What Should Be Done?

CITAC believes that it is past time we had a full discussion, in Congress and the Administration, of the trade remedy laws. This is distasteful, because passions run high and there seems to be more heat than light at hearings on these laws. They are also very complex.

Despite all that, we need to look at these laws. Immediately, we need to repeal the Antidumping Act of 1916 and the Byrd Amendment, and to compel the Department of Commerce to abide by the rule of law in subsidy cases. But we need to do more. We must look at the laws in their entirety. What "ills" are they trying to cure, are they doing a good job, and are the procedures open and fair to all affected parties. Unfortunately, the answer to these questions is not hopeful.

While the coalition I represent (CITAC) has appeared before Congress, the Administration and conducted numerous briefings, we still hear from people that "they don't hear from" our side. While I think this is not true, they plainly don't hear enough from our side, which I think is the side of most Americans. Therefore, we call for open hearings in the jurisdictional committees to air these issues fully.

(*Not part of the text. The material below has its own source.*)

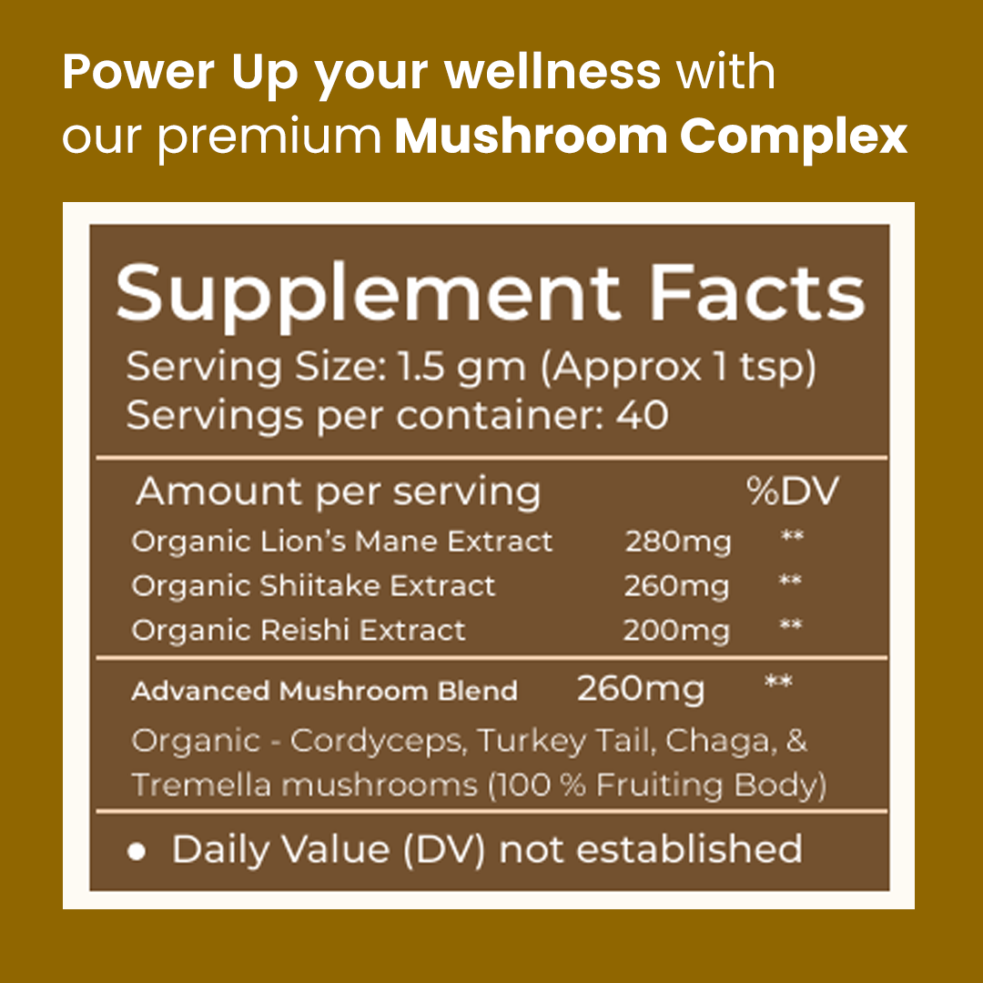 This 7 Mushroom Complex is your daily all-in-one supplement for modern Indian lifestyles crafted to support focus, immunity, energy, digestion, stress resilience, and liver detox.

What do most Americans need? They need trade remedy laws that recognize the new economic reality that companies rely on open trade, not just for export markets (as important as they are) but on imports of components, raw materials and consumer goods. Trade remedy laws (like those currently in effect) impose trade restrictions and limit access to goods without considering whether American businesses and consumers have reasonably available alternatives. If they don't (and increasingly they do not), American businesses just move-to Canada, Mexico, Singapore or elsewhere, so they can get the materials they need. They don't come to Washington to complain; they just leave and take their jobs with them. While our economy is robust and growing, these lost jobs are replaced. But when our economy turns down, these job losses will not be replaced-and the trade laws will be a further drag on our economy.

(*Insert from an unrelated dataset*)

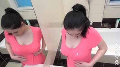 Cette jeune star du porno est magnifique et très sexy avec ses énormes seins naturels ! Regardez-la jouer dans la baignoire en caressant ses tétons roses.

There is a rightful place for trade remedy laws in our country. We do not advocate their repeal; just their modernization. They must be flexible, to take account of the requirements of American industry for imported raw materials and components. They must comply with all applicable international rules, to prevent retaliation against American exports. And they must be inclusive, allowing our government to take intelligent action, not just action. We have developed legislation that would make common-sense reforms to the trade laws. We hope we can join together with all American industries to push this agenda forward in 2001.